Still, they're reading. I'll give them that.

Reading anything beats the hell out of never cracking a book once the ink is dry on the diploma.

 

LanternWaste

(37,748 posts)
2. I'm the same way in regards to Harry Potter books
Tue May 31, 2016, 02:57 PM
May 2016

I'm the same way in regards to Harry Potter books. But, as reading is reading, and we all have various tastes...

kentauros

(29,414 posts)
4. That's probably true of Dallas.
Tue May 31, 2016, 03:18 PM
May 2016

But San Antonio, Houston, and Austin are also college towns:

Austin - UT, ACC
Houston - Rice, UH, TSU, St. Thomas, HCC, Baylor College of Medicine, UT Health Sciences Center
San Antonio - Trinity, UTSA, CIA (Culinary Institute of America), Texas A&M SA

San Antonio also has BiblioTech, the nation's only all digital library. And despite the book-fetishists' complaints, it has been highly successful, with talk now of opening more all-digital branches. I asked my local Houston librarian the other day if we would get such a thing in Houston, and she did admit it was in the works. I hope San Antonio has started a trend

 

Manifestor_of_Light

(21,046 posts)
5. San Antonio has several Catholic colleges as well.
Tue May 31, 2016, 03:34 PM
May 2016

St. Mary's University (has a law school). Our Lady of the Lake. University of the Incarnate Word (Was Incarnate Word College when I was going to school in S.A.)

Secular junior colleges: Palo Alto College (junior college), Northwest Vista College (junior college), Northeast Lakeview College (junior college in Universal City), San Antonio College (junior college), Saint Philips College.



Austin has Huston-Tillotson University (Historically black).

Paul Quinn College in Dallas. (HBCC)

St. Philips College(junior college), San Antonio (HBCC-junior college)

kentauros

(29,414 posts)
6. Thanks!
Tue May 31, 2016, 03:46 PM
May 2016

A lot of the colleges and universities I don't recognize, even when seeing them in a list, like on Wikipedia. Other than the mention of CIA in San Antonio, the rest were off the top of my head.

San Antonio also has three Air Force bases, one Army base, and plenty of defense industry personnel. And, it's part of the tech-corridor between it and Austin, while Houston has NASA and the Texas Medical Center. Lots of highly educated people in our cities

 

Manifestor_of_Light

(21,046 posts)
7. Yep! Proud Trinity graduate here.
Tue May 31, 2016, 03:57 PM
May 2016

Also attended 2 years at the University of Houston, 2 years of vocational school at Houston Community College, and 5 years at South Texas College of Law.

There are 3 law schools in Houston. The other two are University of Houston and Thurgood Marshall School of Law at Texas Southern University. We don't need that many law schools.
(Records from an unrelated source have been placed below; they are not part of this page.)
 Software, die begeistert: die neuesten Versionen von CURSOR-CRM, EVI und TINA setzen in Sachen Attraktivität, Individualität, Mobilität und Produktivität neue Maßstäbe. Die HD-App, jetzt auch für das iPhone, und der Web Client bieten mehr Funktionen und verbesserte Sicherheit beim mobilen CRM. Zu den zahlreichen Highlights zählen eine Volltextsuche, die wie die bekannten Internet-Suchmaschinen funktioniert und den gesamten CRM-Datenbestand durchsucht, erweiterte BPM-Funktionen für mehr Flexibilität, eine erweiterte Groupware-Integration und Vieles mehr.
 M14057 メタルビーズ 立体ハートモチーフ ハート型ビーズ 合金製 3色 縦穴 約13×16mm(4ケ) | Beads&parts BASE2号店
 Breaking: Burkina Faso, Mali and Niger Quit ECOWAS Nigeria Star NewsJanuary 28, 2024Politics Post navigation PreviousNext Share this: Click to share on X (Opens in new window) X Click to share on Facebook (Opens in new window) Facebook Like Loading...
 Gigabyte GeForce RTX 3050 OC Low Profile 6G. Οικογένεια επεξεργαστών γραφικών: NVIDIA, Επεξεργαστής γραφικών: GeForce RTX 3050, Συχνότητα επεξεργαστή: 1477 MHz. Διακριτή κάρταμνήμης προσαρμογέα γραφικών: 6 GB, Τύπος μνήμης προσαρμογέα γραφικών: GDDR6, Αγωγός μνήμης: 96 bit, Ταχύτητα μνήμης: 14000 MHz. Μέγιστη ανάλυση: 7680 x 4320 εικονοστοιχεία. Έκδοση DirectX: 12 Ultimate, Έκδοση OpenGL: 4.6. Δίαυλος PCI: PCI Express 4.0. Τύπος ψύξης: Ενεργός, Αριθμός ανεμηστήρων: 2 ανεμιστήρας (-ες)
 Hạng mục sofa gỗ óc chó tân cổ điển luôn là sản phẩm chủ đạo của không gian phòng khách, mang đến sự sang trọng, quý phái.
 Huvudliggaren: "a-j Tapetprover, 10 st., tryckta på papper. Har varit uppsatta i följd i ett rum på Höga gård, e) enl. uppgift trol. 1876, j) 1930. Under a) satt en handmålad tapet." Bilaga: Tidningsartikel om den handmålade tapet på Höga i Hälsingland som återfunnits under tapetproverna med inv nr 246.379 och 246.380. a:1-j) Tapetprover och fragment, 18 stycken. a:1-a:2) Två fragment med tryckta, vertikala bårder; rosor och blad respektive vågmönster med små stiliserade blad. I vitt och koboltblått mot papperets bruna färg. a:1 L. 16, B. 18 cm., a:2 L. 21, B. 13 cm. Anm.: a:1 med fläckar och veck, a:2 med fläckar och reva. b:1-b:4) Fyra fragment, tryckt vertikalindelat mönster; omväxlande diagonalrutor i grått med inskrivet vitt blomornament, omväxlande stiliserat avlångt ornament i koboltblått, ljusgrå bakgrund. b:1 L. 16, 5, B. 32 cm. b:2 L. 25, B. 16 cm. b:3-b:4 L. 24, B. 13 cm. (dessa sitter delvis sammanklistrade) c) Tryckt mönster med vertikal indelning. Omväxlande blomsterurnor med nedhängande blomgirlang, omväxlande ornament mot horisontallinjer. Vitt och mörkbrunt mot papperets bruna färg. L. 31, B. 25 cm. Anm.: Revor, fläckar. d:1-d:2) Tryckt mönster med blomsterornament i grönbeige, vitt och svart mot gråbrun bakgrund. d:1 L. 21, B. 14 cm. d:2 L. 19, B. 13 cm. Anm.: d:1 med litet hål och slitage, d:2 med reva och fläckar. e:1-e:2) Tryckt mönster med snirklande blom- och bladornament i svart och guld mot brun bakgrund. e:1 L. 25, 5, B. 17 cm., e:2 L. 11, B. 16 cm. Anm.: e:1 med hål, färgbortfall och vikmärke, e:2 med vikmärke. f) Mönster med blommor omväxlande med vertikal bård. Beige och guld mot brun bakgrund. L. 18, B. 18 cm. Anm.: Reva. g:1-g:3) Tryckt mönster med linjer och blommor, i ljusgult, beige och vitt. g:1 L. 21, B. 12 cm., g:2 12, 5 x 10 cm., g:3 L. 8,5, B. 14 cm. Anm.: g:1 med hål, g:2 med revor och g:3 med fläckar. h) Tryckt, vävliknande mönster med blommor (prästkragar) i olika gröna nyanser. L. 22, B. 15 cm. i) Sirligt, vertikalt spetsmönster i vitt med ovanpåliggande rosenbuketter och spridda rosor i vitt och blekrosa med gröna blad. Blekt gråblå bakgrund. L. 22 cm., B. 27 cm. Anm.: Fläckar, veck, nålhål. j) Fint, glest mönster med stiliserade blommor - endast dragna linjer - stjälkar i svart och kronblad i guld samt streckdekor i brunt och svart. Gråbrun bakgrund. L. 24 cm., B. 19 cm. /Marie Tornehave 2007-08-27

South Texas was originally the terminal school of South Texas Junior College. STJC was in the M&M building at One Main Street. It was a feeder school for the law school, because after the war, you could take 60 hours of college and then go to law school which is 90 semester hours. So lots of people, like my dad, did that on the GI Bill.

The law degree was an LL.B. or Bachelor of Laws. Then in the 60s they changed the requirements so that you had to have a bachelor's degree in anything but P.E., I think, and they changed the standard law degree to Juris Doctor (Doctor of Jurisprudence in English).
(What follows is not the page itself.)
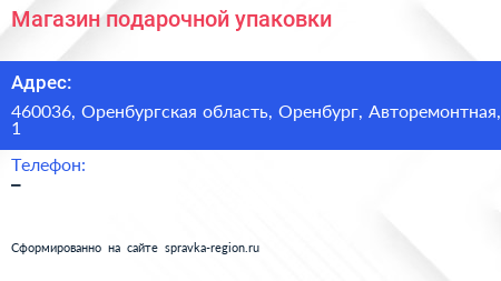 Магазин подарочной упаковки по адресу 460036, Оренбургская область, Оренбург, Авторемонтная, 1 в дальнейшем Организация, размещена в следующих категориях:
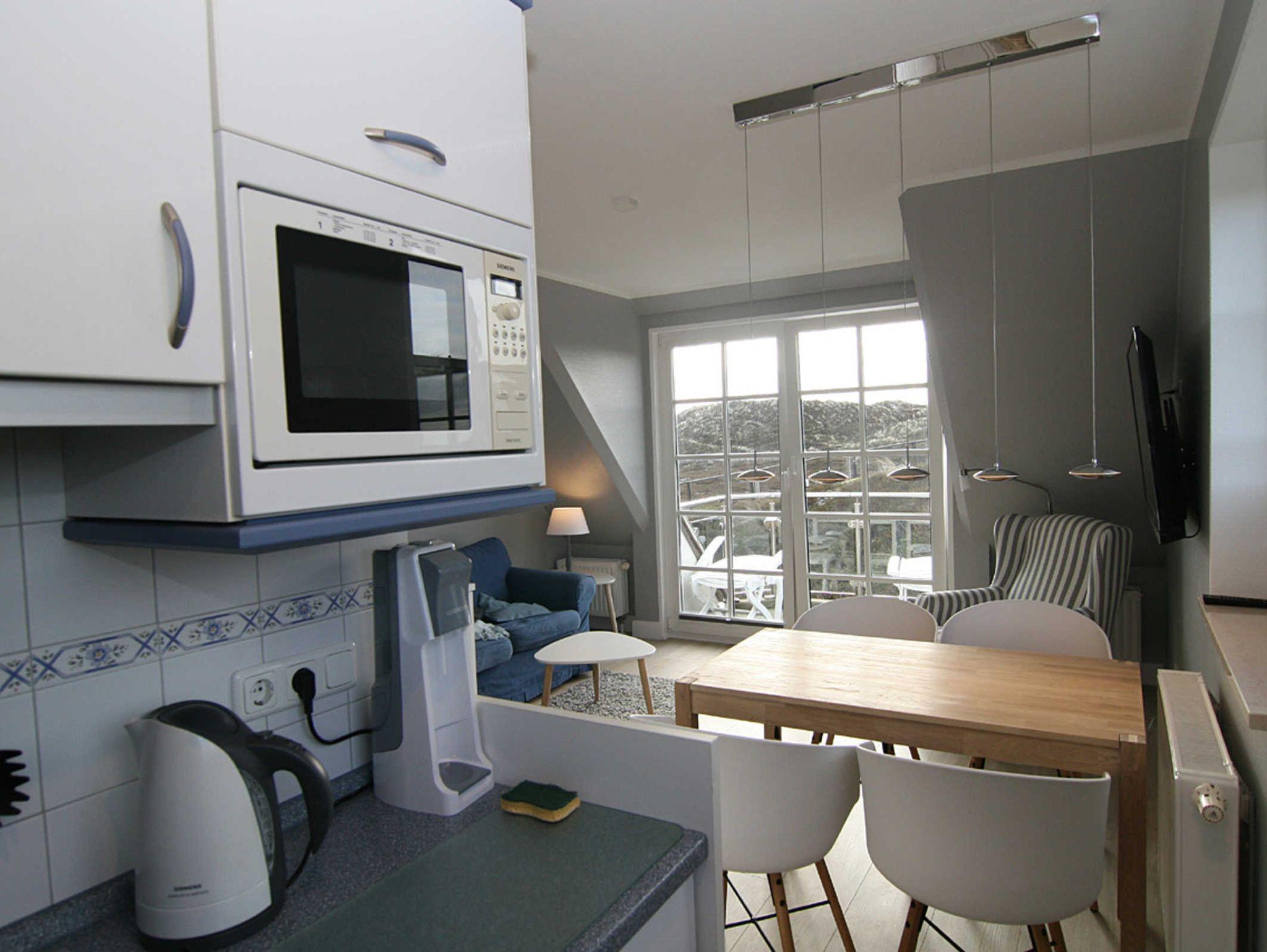 Die Wohnung ist aufgeteilt in einen Wohn-/Essbereich mit Balkon zum Süden und angrenzender Küchenzeile, 1 Schlafzimmer mit Doppelbett, eine Galerie mit 2 getrennt stehenden Betten und 2 Duschbädern. Vom Essbereich schauen Sie in die schöne Natur der Hörnumer Dünen. In der Galerie haben Sie den freien Blick bis zur Nordsee.

South Texas Junior College was eaten by U of H and became U of H downtown. Back in the early 70s I knew people who had gone to STJC. South Texas College of Law started in the basement of the old YMCA on Louisiana in the late 1920s. My dad said the basement was really terrible, leaky roofs, but the professors were terrific. I took him to the new 4 story building on San Jacinto Street in the 80s and he said, "They got lights? They got desks? They got books?" LOL. STCL is still private and expensive as hell. I managed to get through and graduate shortly before the prices went through the roof and became insane.

The 5 junior colleges in S.A. are all expanded from SAC as we called it, on the North Side of SA. I didn't know they had expanded that much,

There used to be 5 bases in SA and I'm not sure which ones are still open. I remember Kelly, Lackland, Randolph and Fort Sam Houston.

Ellington Field, slightly north of NASA Mission Control, used to be a regular AFB, but has been decommissioned but is still used when ever the President comes to town. I'm not sure what they use it for.

kentauros

(29,414 posts)
9. Yes, there is so much more than my mere memory could hold.
Tue May 31, 2016, 09:29 PM
May 2016

And yet, I forgot one community college that's rather extensive locally and where I earned my first degree: San Jacinto College. Got my degree in drafting there, and later learned baking and pastry arts

Ellington Field was decommissioned as an Air Force Base in the 1970s, but has since become a joint commercial and government field. UPS uses it as does Continental, for shipping. It's a base for Customs and Coast Guard as well as the Texas Air National Guard, and for astronaut training (The Neutral Buoyancy Laboratory pool is located there.) NASA also uses it to fly one of their U2s from there, and I have seen the Super Guppy taking off from there, too (that plane is used for hauling equipment that's too large for a C-130!)

 

Manifestor_of_Light

(21,046 posts)
10. My sister went to San Jac back many years ago, in the 1960s.
Wed Jun 1, 2016, 12:21 AM
Jun 2016

I went to a lot of concerts at Slocomb Auditorium, and my sister took Introductory Psych from Dr. Ann Zimmerer. Her family was the overachieving family of Pasadena. She was a psychologist, her husband was an engineer. Both were also lawyers. And their two sons both became lawyers. I went to law school with the older one.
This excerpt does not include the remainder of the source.